In the last one year, the mutual fund industry has got unprecedented inflows of over Rs 1.5 lakh crore in equity and hybrid funds. India has always had a high savings rate. But the dominant aspect of savings has always been physical assets - gold and real estate. Over the past couple of years, returns from gold and real estate have been low. Hence, there is a clear shift from physical assets to financial assets. Also, since real interest rates are positive, people are moving towards financial assets. We believe that this trend will sustain going forward as real interest rates are expected to be favourable.
It's been a strong year for our fund house, with a material improvement in our market share.

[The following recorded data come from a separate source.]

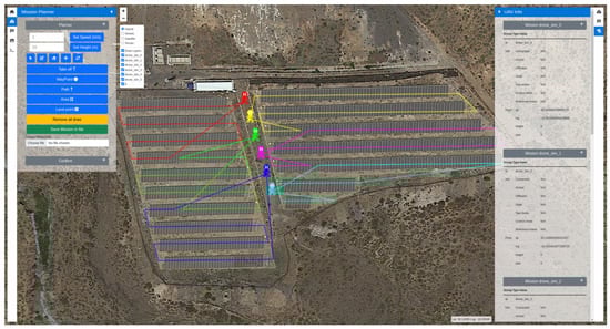 Aerostack2 Web–GUI used to plan the photovoltaic plant inspection, where the inspection paths of each UAV are displayed in different colors.
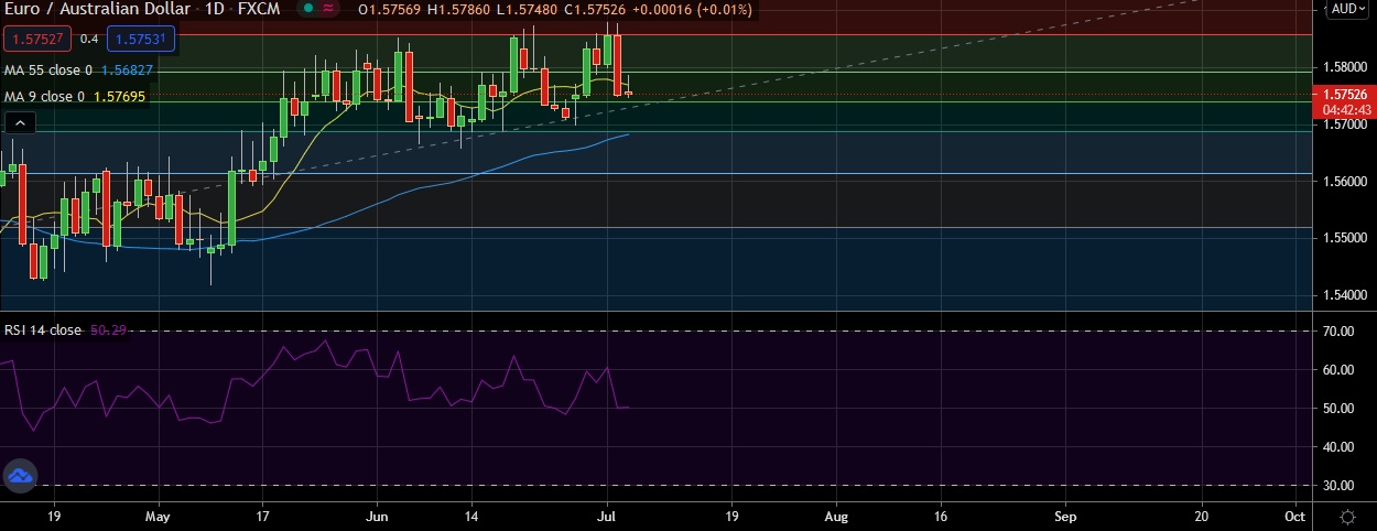 • Strong support is seen at 1.5741 (50%fib ) and break below could take the pair towards 1.5687 (61.8%fib).
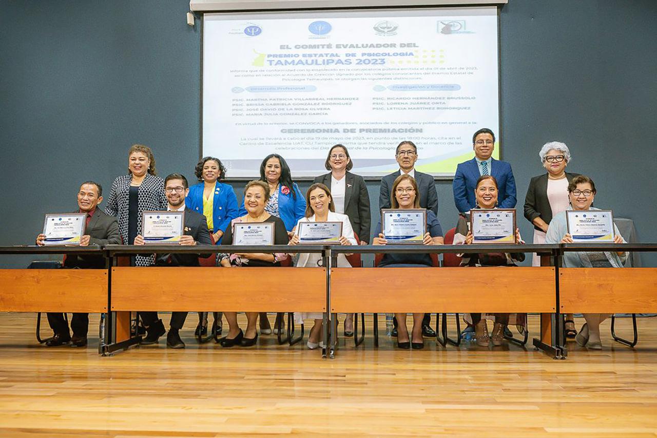 En el marco del Día Nacional de la Psicología, el Colegio de Psicólogos de Tamaulipas hizo entrega del Premio Estatal 2023, a siete especialistas en la materia, que se distinguieron en su desarrollo profesional y en la investigación y docencia.
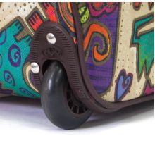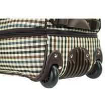 Дорожные сумки на колёсах, в отличие от чемоданов, имеют жесткую стенку-основание только с одной стороны, а значит их легко сложить либо просто уменьшить размер в соответствии с количеством перевозимых вещей. Многие сумки на колесах имеют специальные отделения для обуви и других предметов, необходимых в дороге: ноутбук, планшет, телефон, ключи. Вес сумок на колесах за счет отсутствия цельного каркаса меньше веса чемодана, при этом сохраняется удобство перемещения благодаря наличию колес.
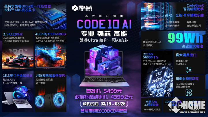 机械革命现已上新了Code 10 AI轻薄本,以AI为蓝本,搭载酷睿Ultra7 155H AI处理器并预装智谱CodeGeeX NANO,为用户带来更加高效的代码撰写能力。目前该款轻薄本已经在国内平台上架并且开启预约,首发价5499元,首发即支持国补,国补后到手价4399.2元。
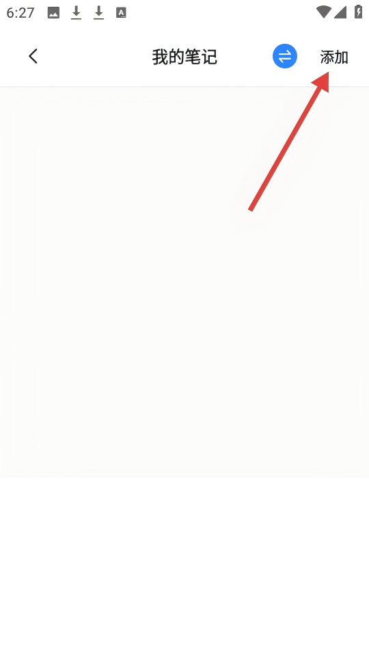 3、在【我的笔记】页面,点击右上角【添加】,可进入笔记编辑界面。
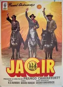 Jagir (Hindi transl. "The Estate"), also known as Teen Murti (Bengali transl. "The Three Idols"), is a 1984 Indian Dacoit western film directed by Pramod Chakravorty. The film features an ensemble cast of Dharmendra, Mithun Chakraborty, Zeenat Aman, Pran, Danny Denzongpa, Shoma Anand and Amrish Puri. Two language versions were released, a Hindi version as Jagir and a Bengali version as Teen Murti.[2] The film released on the Diwali weekend along with another Dharmendra starrer Jeene Nahi Doonga. Upon release the film received positive reviews from critics and was a hit domestically as well as in Soviet Union.
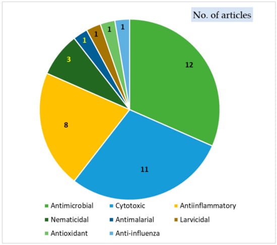 The reported thiophenes were investigated for various bioactivities. In this regard, these metabolites are associated with some types of biological actions, including antimicrobial, antiviral, anti-inflammatory, larvicidal, antioxidant, insecticidal, cytotoxic, and nematicidal effects. The results of the most active metabolites are summarized.
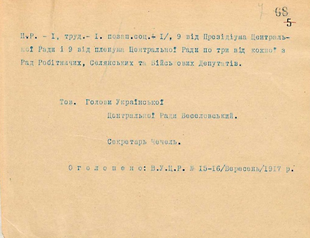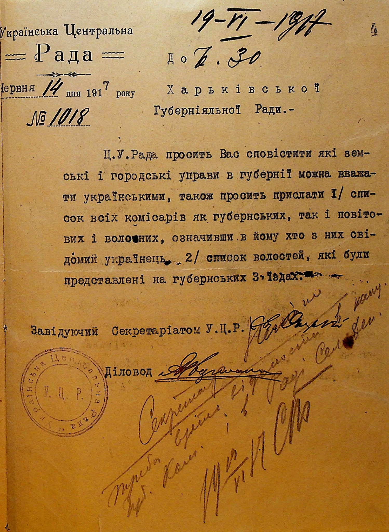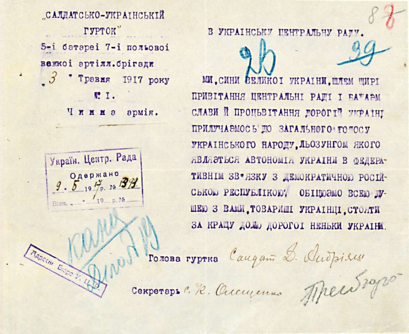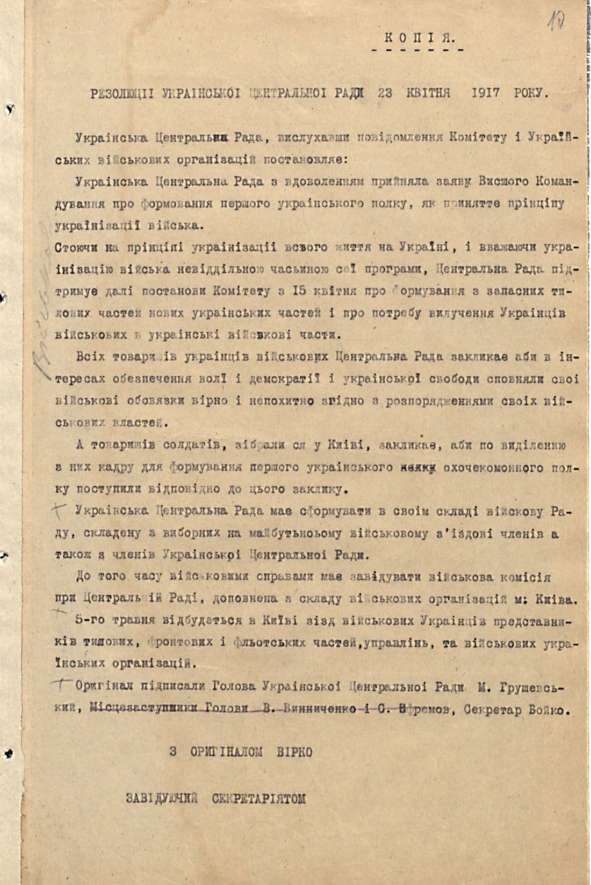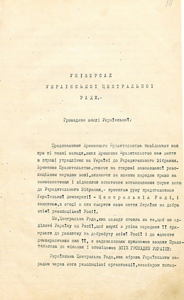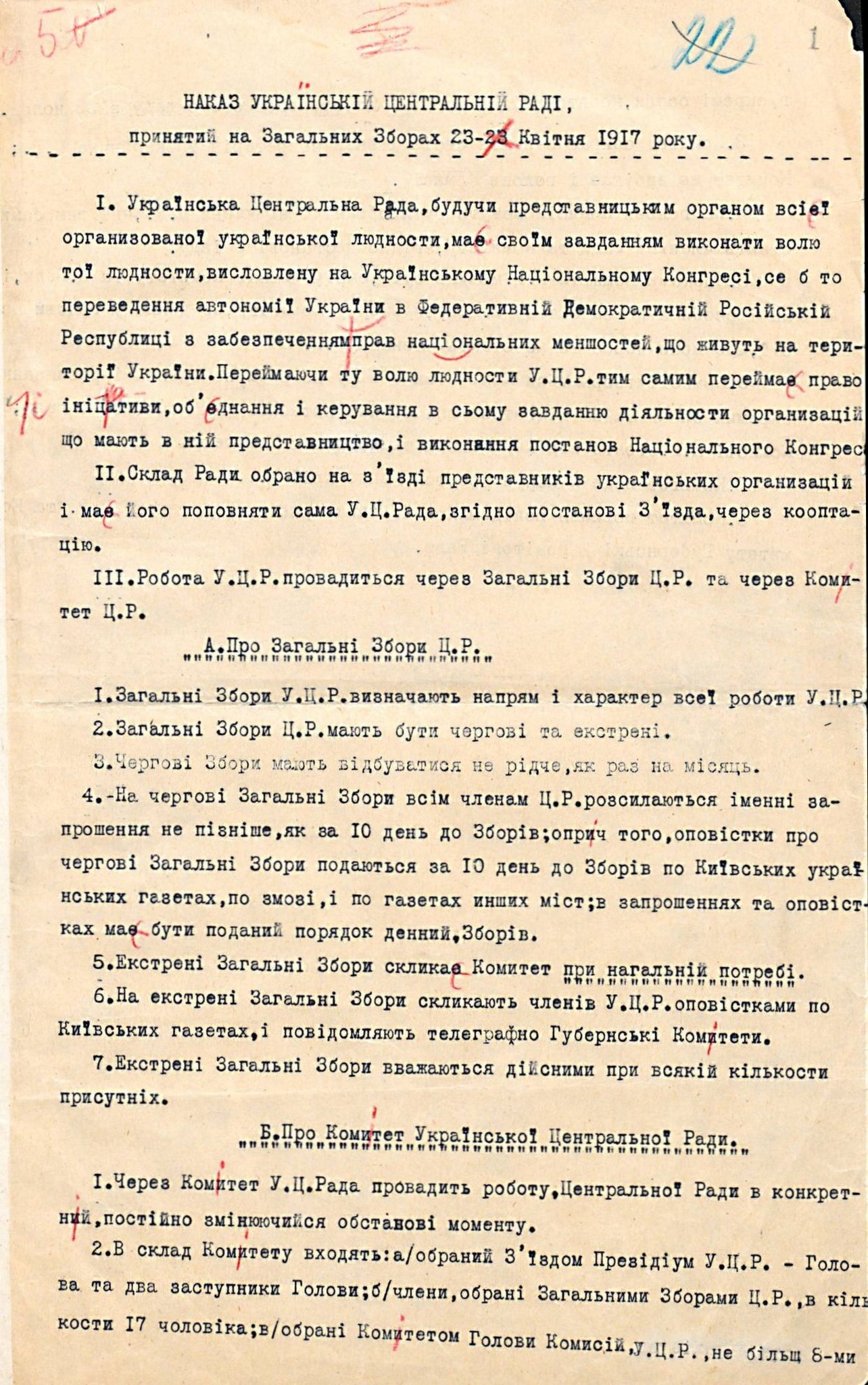 1. Наказ про структуру та діяльність Української Центральної Ради. 23 квітня 1917р. 2. Наказ про структуру та діяльність Української Центральної Ради. 23 квітня 1917р. 3. Лист «Солдатсько-українського» гуртка до Української Центральної Ради з привітаннями. 3 травня 1917р. 4. Копія телеграми представників Українських військових громад 7 армії до Української Центральної Ради з привітаннями. 2 червня 1917р. 5. Копія телеграми представників Українських військових громад 7 армії до Української Центральної Ради з привітаннями. 2 червня 1917р. 6. Лист Української Центральної Ради до Харківської губерніальної ради з проханням надіслати список губерніальних та повітових комісарів, які є свідомими українцями. 14 червня 1917р. 7. Лист-вітання Товариства “Просвіта” залізничних службовців станції Біла Церква до Української Центральної Ради. 17 червня 1917р. 8. Постанова Української Центральної Ради про компетенцію та склад Української Центральної Ради. 29 червня 1917р. 9. Постанова Української Центральної Ради про компетенцію та склад Української Центральної Ради. 29 червня 1917р. 10. Лист Української громади в Могилеві до Українського Військового Генерального комітету про визнання Української Центральної Ради та Українського генерального військового комітету. 1 липня 1917р.

Managing return expectations
Equity returns have been high in the last couple of years, but when seen in the context of the past eight to ten years, returns are way below GDP growth. We continue to have a positive view on the economy in the light of improving macros and reform measures initiated by the government. We believe corporate profitability will improve going forward.
The 10 year G-sec yields have moved lower from around 8.5 per cent to around 6.5 per cent over the last one and a half years. We expect interest rates to remain low.
One single message to investors investing in equity-oriented mutual funds is to have an investment horizon of minimum three years and reasonable return expectations. Also, investors should know the type of product to buy based on their risk appetite. If investors don't have the patience, then they should avoid investing in equity oriented mutual funds.
Rising industry assets
We are getting influenced by the overall inflows that the industry is getting in comparison to the existing size of equity assets. However, from a broader perspective, mutual fund industry's total equity assets comprise only approximately 4.5 per cent of India's total market cap.
Growing clout of domestic funds vis-a-vis FIIs
This is a good thing as DIIs have not only deepened the market but also become a significant counterweight to foreigners. Additionally, the SIP book of over Rs 5,000 crore per month in domestic mutual funds brings stability. In the context of increasing financialisation of savings, the mutual fund industry should be one of the biggest beneficiaries.
Outlook for equity and debt
The earnings outlook of Indian companies is improving with an improvement in operating margins, lower interest rates, peaking NPAs and higher metal prices. Any volatility in the short term should be used to their advantage by long-term investors.
With a benign inflation outlook and ample liquidity, room for a fall in yields, especially long-term yields, is limited. In view of this, short to medium duration debt funds offer superior risk adjusted returns.